Photo credit:

Ricardo Ramírez Chaparro of HERP.MX
Blog can be found at http://www.herp.mx/field-reports/2018/10/001/baja-california-sur.php

Common name

Cerralvo rattlesnake

Scientific name

Crotalus enyo cerralvensis

Conservation Status

Federal and State Protections

Amenazada (A) - Mexico

Countries of Occurrence

Mexico

Adult size

45.7 (18in) - 76.2cm (30in)

States or Providence 

Baja California Sur

Counties

Isla Ceralvo

Species Description

This 1.5-2.5 ft long rattlesnake is only found on Isla Ceralvo, also known as Pearl Island for its history. The species feeds on lizards, mammals, and sometimes centipedes regardless of their size rather than switching from lizards to mammals as most rattlesnakes do. Cerralvo rattlesnakes give birth to 2-7 young, and neonates can be found between July and October.

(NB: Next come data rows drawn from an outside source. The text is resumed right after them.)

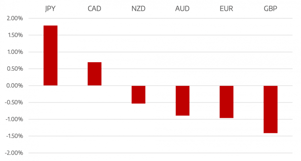 GBP was the worst performer despite UK economic data beating expectations. With no real leader for the UK government investor sentiment still remains poor and GBP struggled to find any level of support vs the US Dollar.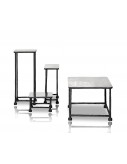 Structure in unfinished cast aluminium with matte black coating with mirror-finish polished top. Any surface blemishes are attributable to the type of material and to the craftsmanship, and are not to be considered as defects.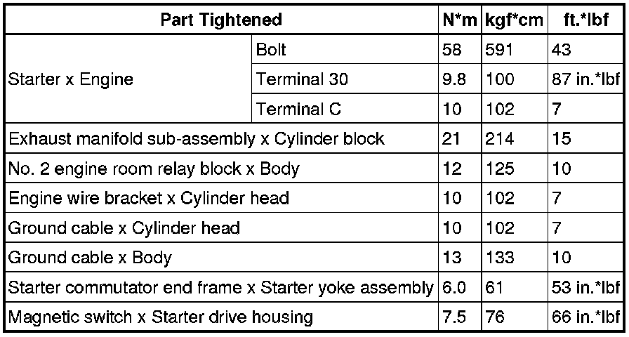 SERVICE SPECIFICATIONS: 2GR-FSE STARTING: TORQUE SPECIFICATIONS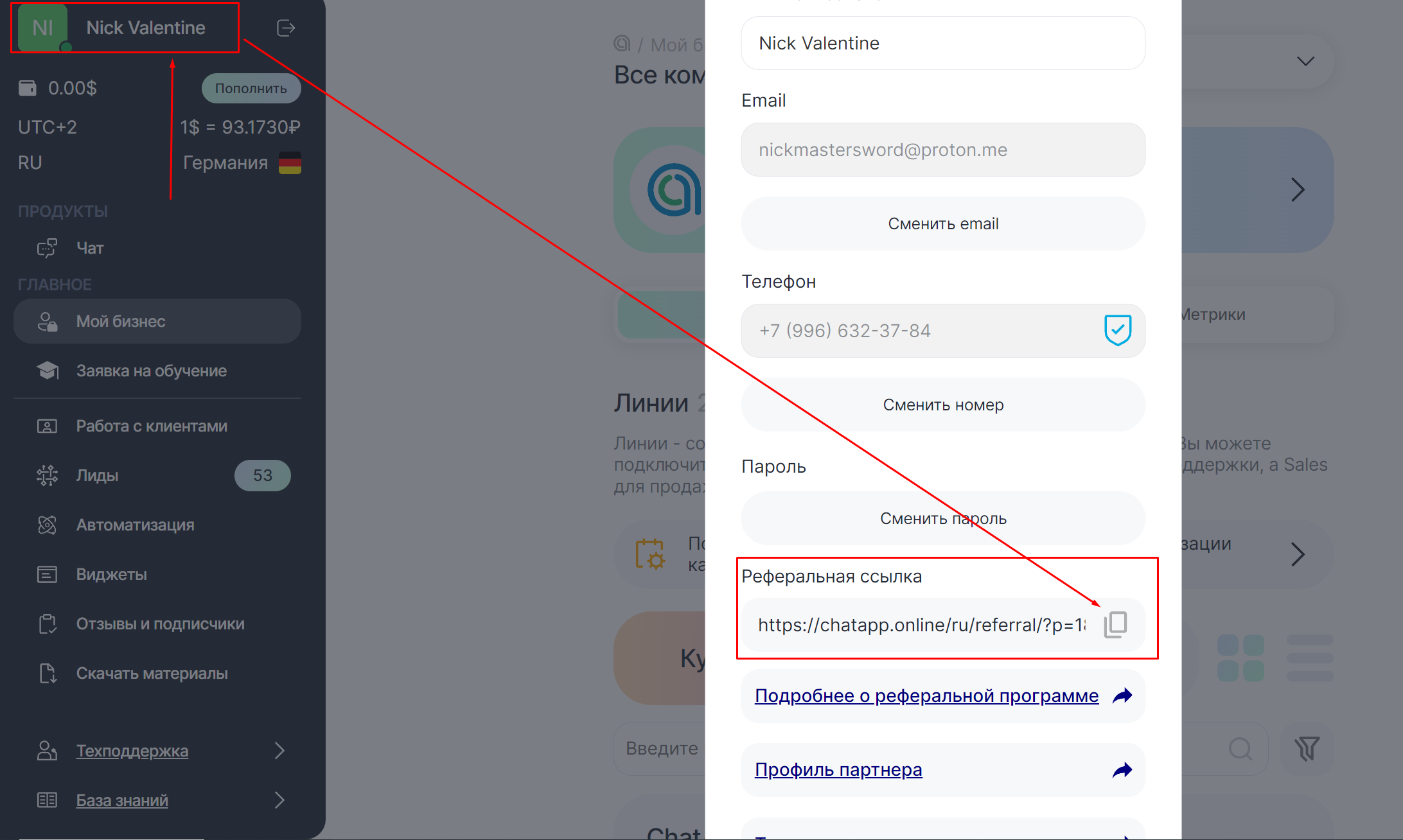 1) Нажмите в меню слева на иконку профиля. Во всплывающем окне в поле «Реферальная ссылка» скопируйте ссылку и разместите ее у себя на сайте.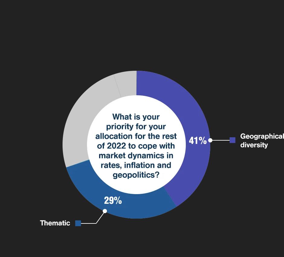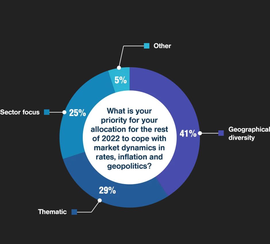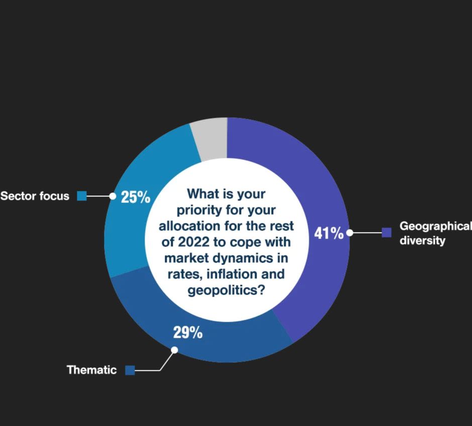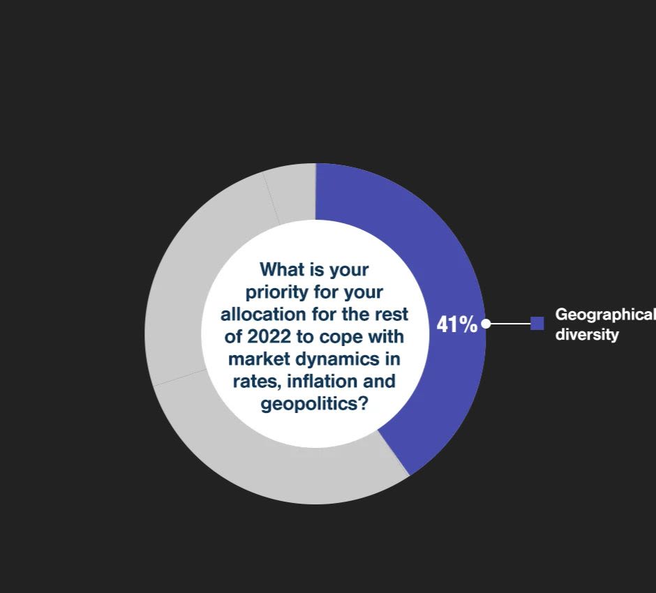 Driving these allocation decisions, the majority of respondents believe geographical diversity will be most effective in enabling them to cope with today’s environment in terms of rates, inflation and geopolitics.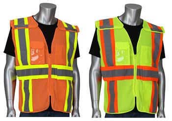 PIP 302-0590 ANSI Type R Class 2 Expandable Two-Tone Mesh Breakaway Vest, Hi Vis Yellow or Orange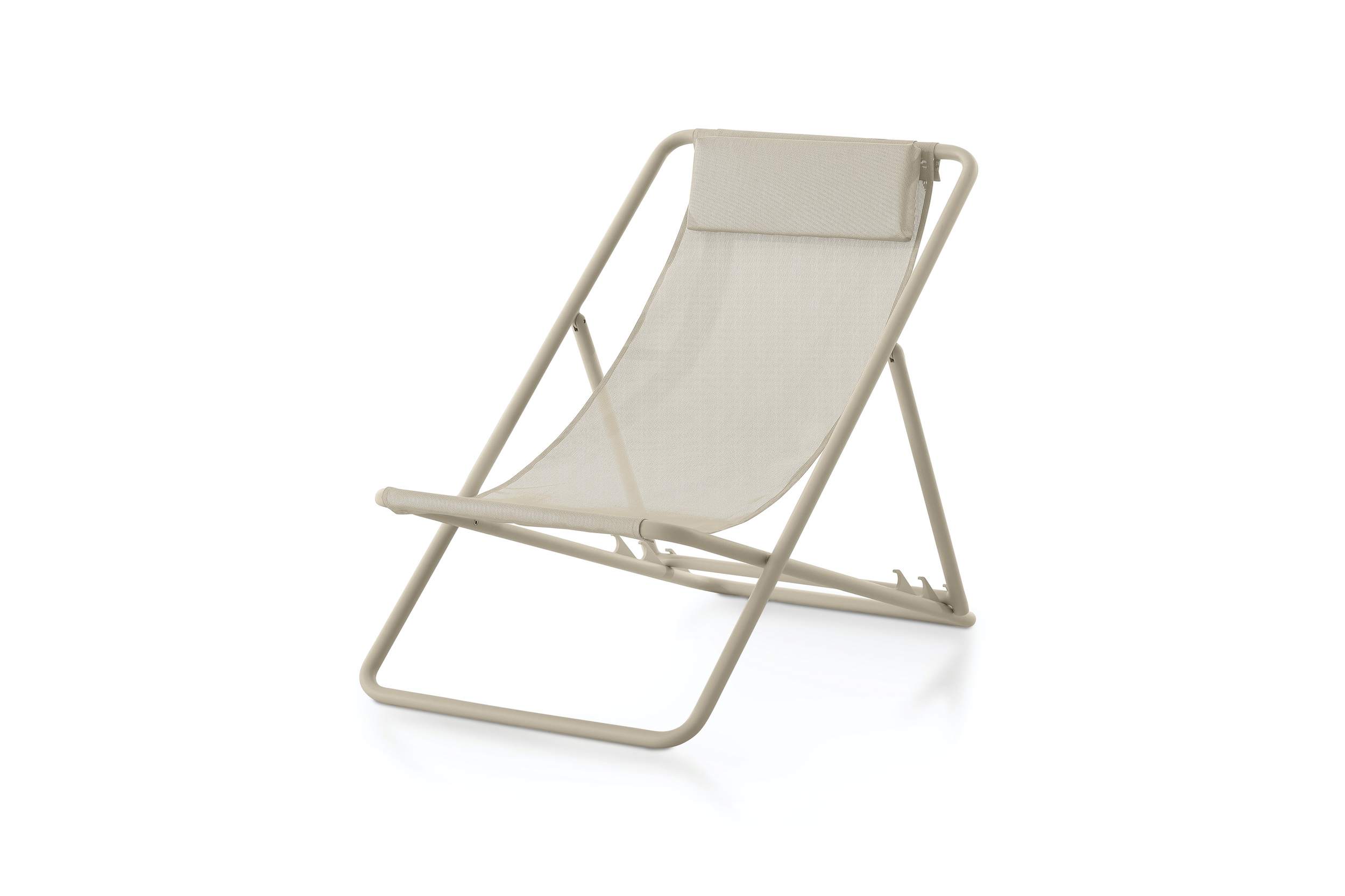 This reclining and lightweight chair is the best company for a relaxing day outdoors. With its comfortable headrest cushion and three different positions, disconnecting from the rest of the world is ensured. You can take it to the beach or the countryside, place it next to the pool or on a terrace, or even an urban balcony. It is the perfect chair to rest, read or clear your mind while looking at the horizon.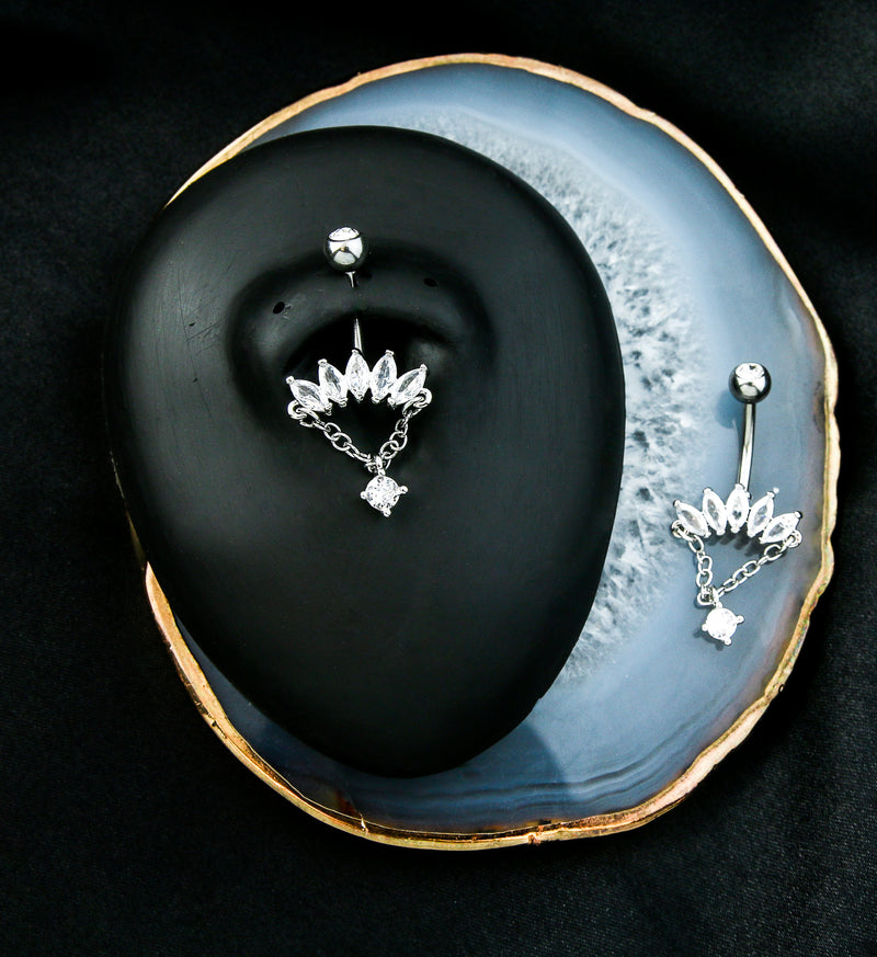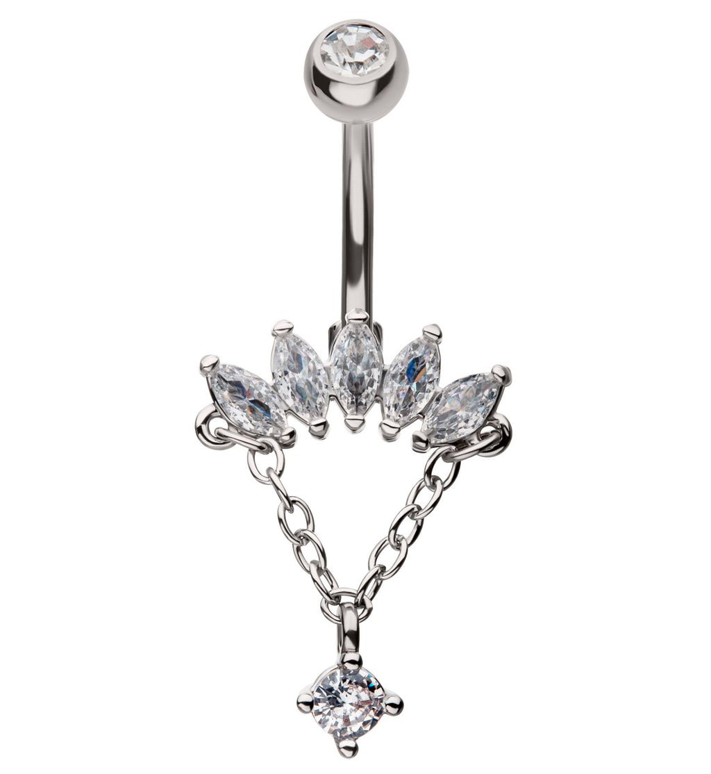 Half Crown Clear CZ Dangle Stainless Steel Belly Button Ring
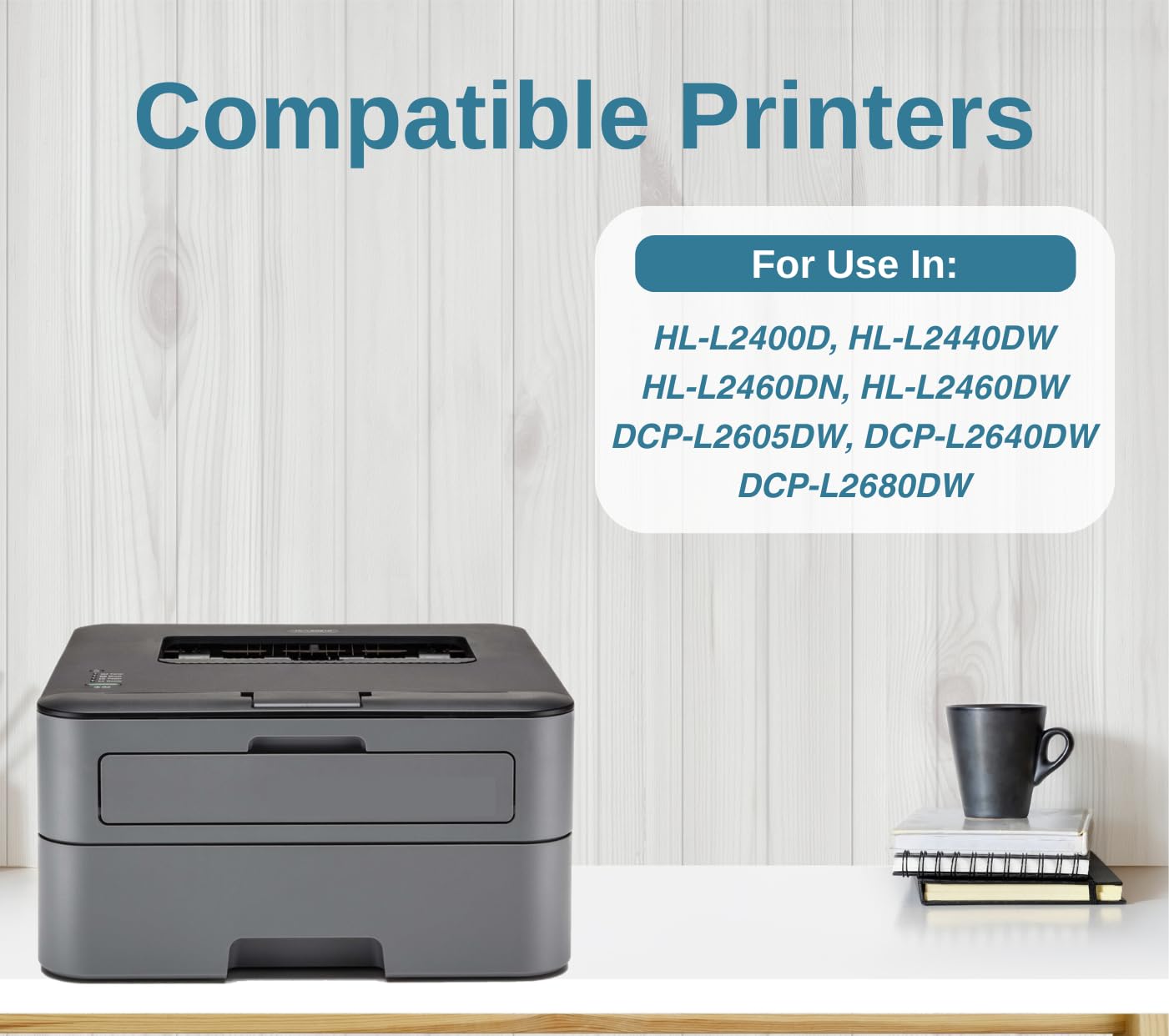 Seamless Compatibility: Compatible with Printers HL-L2400D, HL-L2440DW, HL-L2460DN, HL-L2460DW, DCP-L2605DW, DCP-P2640DW, DCP-L2680DW.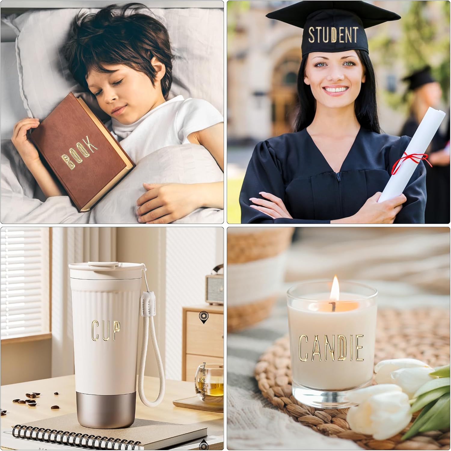 Contenuto della confezione: riceverai un totale di 13 fogli di adesivi di alta qualità, inclusi 3 adesivi scintillanti con lettere e numeri in 3D (18 x 10 cm ciascuno) e 10 fogli di adesivi con simpatici cartoni animati di animali (15 x 5 cm ciascuno). La perfetta combinazione di design scintillante e motivi giocosi offre un'ampia gamma di possibilità per progetti creativi. Ideale per idee artigianali, regali personali o per abbellire oggetti di uso quotidiano.,Materiale e dimensioni: gli adesivi con lettere scintillanti sono realizzati in robusto materiale PVC con goffratura 3D e aspetto metallo dorato, impermeabili e durevoli. Gli adesivi dei cartoni animati sono realizzati in vinile di alta qualità. Entrambe le varianti aderiscono saldamente a superfici lisce come vetro, plastica o metallo. Le lettere adesive dorate sono inoltre resistenti al calore fino a 50°C, ideali per decorazioni di candele (lettere in cera per candele dorate). Particolarmente pratici, entrambi i tipi di adesivi possono essere rimossi senza lasciare residui. Perfetto per adesivi per bambini che cercano sia adesivi glitterati per il fai da te che motivi divertenti per i quaderni scolastici. Premere delicatamente per evitare bolle d'aria. Le lettere adesive dorate aderiscono immediatamente e possono essere corrette se necessario. I bordi lisci prevengono il distacco prematuro. Anche le mani inesperte possono ottenere risultati precisi su adesivi per biciclette, agende o confezioni regalo. 【Usi versatili】 Che si tratti di adesivi con lettere per decorazioni personalizzate di candele, adesivi con meme per laptop o adesivi divertenti con glitter per gioielli in resina fai-da-te, i motivi arricchiscono telai di biciclette, mobili per bambini, utensili scolastici e decorazioni per la casa. Gli adesivi resistenti alle intemperie durano anche all'aperto. Un must per gli appassionati dell'estetica degli adesivi e dei progetti artigianali individuali

The Cerralvo Rattlesnake has the largest head-to-body ratio than all other subspecies of C. enyo. It also has a higher number of both ventral and subcaudal scales (167-181 ventral, 23-31 subcaudals) than its sister subspecies.

Fun fact: This little-known rattlesnake was last suggested to be elevated to full-species status by Beaman and Grismer, 1994. This recommendation is because of its larger head to body ratio than the other subspecies of this snake and because it is not currently exchanging genes with the mainland subspecies. Based on our research, it has not yet been categorized as its own species.